There is nothing wrong with choosing consciously to wear an armor, to protect us in specially challenging times of our lives. As an adolescent, I suffered acne for years. It was so bad that it got me the nickname of “Martian”, as my school mates used to say that my face reflected well what that planet should be like with all its craters… Needless to say that, with such a “handicap”, being successful with girls was close to “Mission Impossible” when I was 16… So my winning formula, my coping strategy, the Mask I started to wear was the one of a wise, spiritual, Far Eastern religion inspired “hippie”… My interest in Taoism and Buddhism could free me from having to chase girls and the absence of success with them was therefore justified… I am still grateful to that identity as it helped me during a painful part of my adolescent’s journey. Needless to say that, having turned 23 and become one of the most successful ski instructors in the resort, by miracle, the prestigious uniform became my new armor and my esoteric mask didn’t last very long as I became a far more self-assured person. We all have the possibility of using such coping strategies during life. Wearing a mask is often helpful. It is just fundamental not to be fooled by our own construction, so that, when times change, we are able to challenge ourselves to literally “throw the mask down” and reinvent ourselves. And… trust me, I am experiencing it these months…

The “Crossing of the Threshold” is nothing else than choosing between hanging on to our old self or having the courage and energy to reinvent ourselves. By staying faithful to the previous personality we chose, we risk that it may not fit the new situation and start to become more of a promise of failure than a winning formula. It may be filled with comfort, automatisms and habits but projects an unauthentic image of ourselves. On the other hand, reinventing ourselves is a painful process… It requires a separation from concepts we held for true, sometimes even from people we loved. It suggests identifying and “challenging our orthodoxies”. And nothing grants that, by burning the fields behind us, we will head towards a new “Promised Land”…

So the temptation is great to refuse the invitation, to remain hidden in the emotional and intellectual comfort of our ancient beliefs. And indeed, the “crossing of the desert” may be long, unsecure and uncertain. The crew accompanying us may rebel and criticize our decision to cross the line, adding to our own doubts and pressure.

The world is going through increasingly unsettling societal, economic, environmental, political and other challenges. These probably bear huge threats and, equally promising opportunities. Those who believe that, this is mainly a reshuffling of the cards and that the useless gimmick of B.R.I.C. is “where things will happen now”, will totally miss the train of evolution.

Over the last twelve months, my partners and I have witnessed both executives and companies struggling with the necessity of change.
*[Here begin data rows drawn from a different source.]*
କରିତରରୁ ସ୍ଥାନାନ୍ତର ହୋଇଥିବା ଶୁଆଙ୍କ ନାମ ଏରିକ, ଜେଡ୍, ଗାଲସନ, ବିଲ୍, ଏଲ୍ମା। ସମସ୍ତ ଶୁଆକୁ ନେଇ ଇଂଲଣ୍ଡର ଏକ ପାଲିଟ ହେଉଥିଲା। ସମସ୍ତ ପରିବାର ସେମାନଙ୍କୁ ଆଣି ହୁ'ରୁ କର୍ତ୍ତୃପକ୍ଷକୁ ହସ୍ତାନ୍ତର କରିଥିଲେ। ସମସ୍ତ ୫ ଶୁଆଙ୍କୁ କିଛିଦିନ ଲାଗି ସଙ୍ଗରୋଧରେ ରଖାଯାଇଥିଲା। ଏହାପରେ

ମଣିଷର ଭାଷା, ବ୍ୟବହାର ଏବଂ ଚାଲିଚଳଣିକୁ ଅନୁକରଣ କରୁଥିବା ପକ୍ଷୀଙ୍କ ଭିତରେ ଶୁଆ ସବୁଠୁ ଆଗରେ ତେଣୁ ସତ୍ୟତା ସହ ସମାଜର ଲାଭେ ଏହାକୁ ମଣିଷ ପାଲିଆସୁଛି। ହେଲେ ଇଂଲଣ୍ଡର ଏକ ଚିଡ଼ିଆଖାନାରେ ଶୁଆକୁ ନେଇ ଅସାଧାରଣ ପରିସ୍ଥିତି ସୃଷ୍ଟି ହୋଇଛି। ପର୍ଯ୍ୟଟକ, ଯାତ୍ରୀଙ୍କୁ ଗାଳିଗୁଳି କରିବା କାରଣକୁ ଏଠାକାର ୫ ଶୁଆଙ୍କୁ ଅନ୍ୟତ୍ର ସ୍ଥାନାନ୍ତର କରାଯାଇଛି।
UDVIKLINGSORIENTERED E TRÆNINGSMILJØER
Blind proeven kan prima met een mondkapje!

We have seen promising leaders having the intuition that the “Disruption Economy” was coming their way, trying to respond to it with 1.0 strategies, organizations and leadership style.

But, if crossing the Threshold is such a difficult and painful step in one’s personal life, there should be no surprise that it is equally challenging for leaders to take that decision for the business they are responsible for.

Enjoy the Journey…

Share and Enjoy:
  • Print
  • Twitter
  • Facebook
  • StumbleUpon
  • del.icio.us
  • Digg
  • Google Bookmarks
  • LinkedIn

6 Responses to “The Crossing of the Threshold”

  1. This is a powerful concept, Didier.

    Many times I have struggled to let go of the identity that I have created not only for internal reasons, but also because of ego and worry about how I will be perceived by others. (e.g. I said I was X, believe X to be true, or that I was going to do X. What will happen if I do something or become someone different?)

    Who cares? I need to realize that situations, realities, and “what is right” can all change. I need the moral courage to overcome my internal struggle and to not be preoccupied by how things will be perceived externally.

    Furthermore, I have found times when my time being connected to a certain person, group, or ontological path had come to its end. It can be a painful process to let go of people, communities, or behaviors – but is at times necessary and closing those doors allows the opening on many new doors of opportunity that create the possibility for new relationships, experiences, and ways of being.

    Thank you.

    Reply
    • Dear Luke,
      If there is one thing I respect in business people, it is their capacity to be authentic, their integrity… I am moved by your text and not sure on who is learning from whom here…
      I hope our paths cross when I am in São-Paulo, um forte abraço
      Didier

      Reply
  2. Very nice post Didier.

    I’ve always carried the impression that masks are negative tools to avoid reality; and in a business scenario were a sign of distrust and deceit.

    You’ve cleared something very important for me.

    Thank you!
    Grande abraço e espero que tudo esteja bem!

    Reply
    • Obrigado Edu, ALWAYS a honor to see that the blog also speaks to people of your new and promising generation. Um forte abraço

      Reply
  3. Didier,

    Very nice reflection and it reminds me of a very nice children’s book called “the knight in rusty armour”.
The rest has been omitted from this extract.